The child owned the palm tree, not the land, (for the land might be communal to the whole family).

(2) The child was given a name. The mother was called to bring the child to the Obu. The Head of the family (the “Head” of a family in Oka was always the oldest male member of that family) received the child outside and took it in his arms round the Obu house once, and then brought it in.

Previously the Head of the family has ascertained from the father of the child what name he would give the child. He then said: “Our child, your name is Nwudealo” (or a girl’s name if a girl). He blessed the child and gave him a gift, and handed it back to the mother. The Head of the family could give a name of his own too to the child; the mother could give a name; and her family could also give a name. They said to the child, now in its mother’s arms: “Abuom ghu Nebuwa” (I give you the name Nebuwa), and so on. Each naming was followed by a gift. All these named belonged to the child, and it was thereafter known by whichever was the most popular. All those present gave gifts to the child, no matter how small; - this was known as “mkpo iru oma n “uwa”- starting the child off well on its earthly journey, with joyous gifts.
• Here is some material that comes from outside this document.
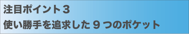 前後合わせて9つのポケットを配し、手ぶらでの快適な移動を実現します。また、海外旅行などセキュリティが不安な場面でも、カードポケットにはRFIDブロック機能があるため、旅先での1本としても優れています。

Before this ceremony, the child could not be taken into the Obu, but after it, it could be taken there any time. For a boy this was his first visit to the Obu which, if he was the first-born, he would later inherit.

On Cutting teeth: The teeth on the lower jaw must come out first. If the teeth of the upper jaw first appeared the child had done an unnatural act, and it was given away to the Nris, or just done away with. This was the second law the child must not transgress. The first law was that it must not come out of the womb feet first; if that happened it was killed. Variation from the known was heavily penalized! Mother tried to help their children by rubbing their lower gums to make the appearance of the lower teeth easier.
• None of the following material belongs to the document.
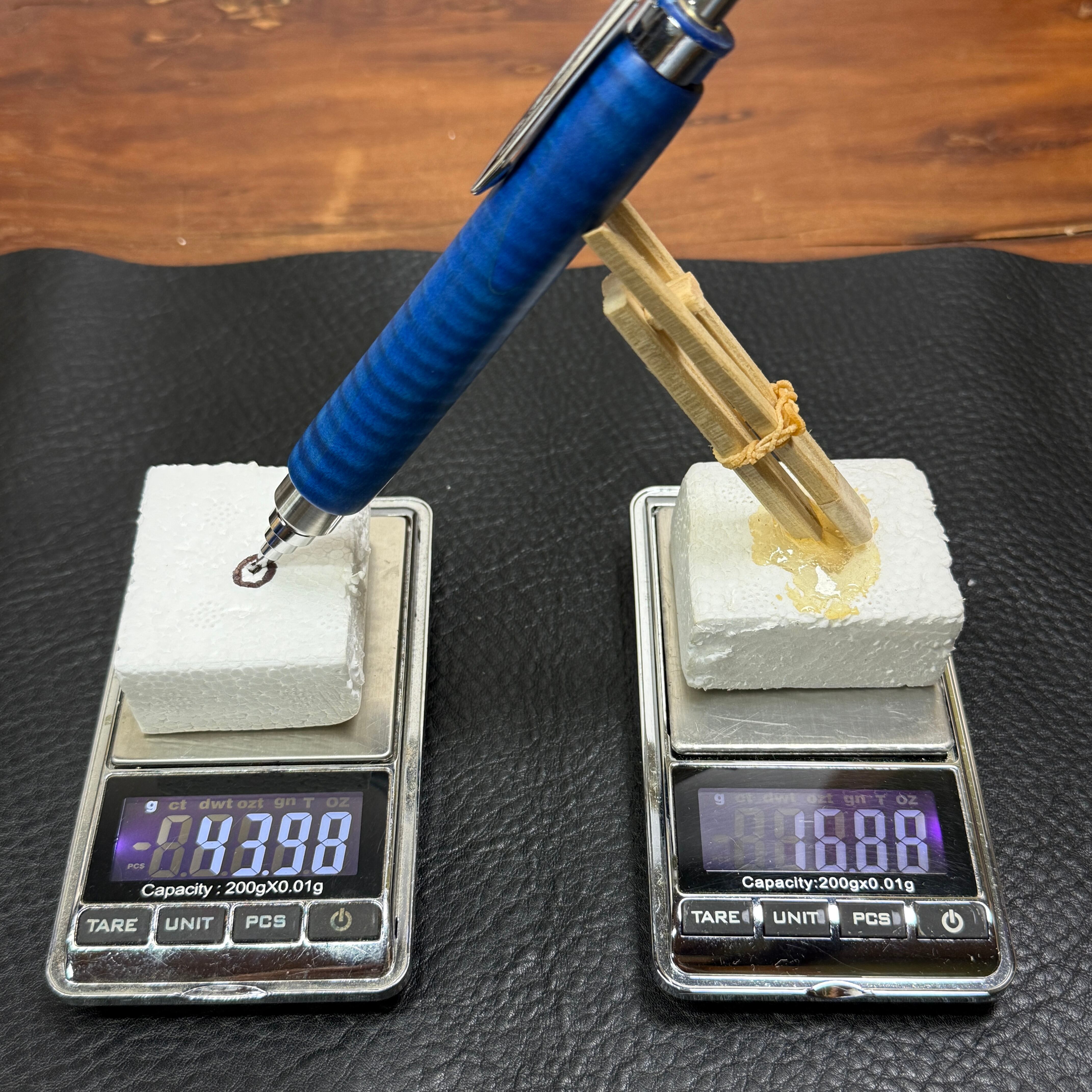 手のひらに乗せると重たいのですが、低重心で作っていますので、書く時には紙面にほとんど重さが移って、ペンの重さで書ける感じです。

As soon as the child cut its teeth that is as soon as a lower tooth appeared, a small ceremony was performed for it. Those who first witnessed the appearance of the tooth rejoiced with the child by giving it gifts. This was the meaning of the saying “Anara agba aka aghu nwata eze “(you don’t examine the child’s jaw to see if a tooth had appeared for nothing). The child was now reckoned as a person – as an Oka person. Until the tooth appeared the child had no such status.

If a child died after cutting its teeth, funeral ceremonies were performed for it. Otherwise, not. In the evening of the day of the burial the young men of the village went to dance in his honour, if male. But if female, the following morning, the daughter of the village went to dance a kind of dance called “Egwu Aka” (hand- clapping- dance). No instruments were used. In the night they danced the “Egwu-Udu” dance, in which musical instrument made of earthen pots were used. They danced till cock-crow. And that ended the funeral ceremonies for the child.

If a child had not cut teeth, none of this was done. As soon as the corpse of such a child was burial, everyone dispersed –it was held that he was not yet an Oka man: “Oka aburo mmadi” – he is not yet one of us.

Ishi nwa Oka: Every child that had cut its teeth was reckoned as an Oka man, or woman; and every Oka man must be accounted for.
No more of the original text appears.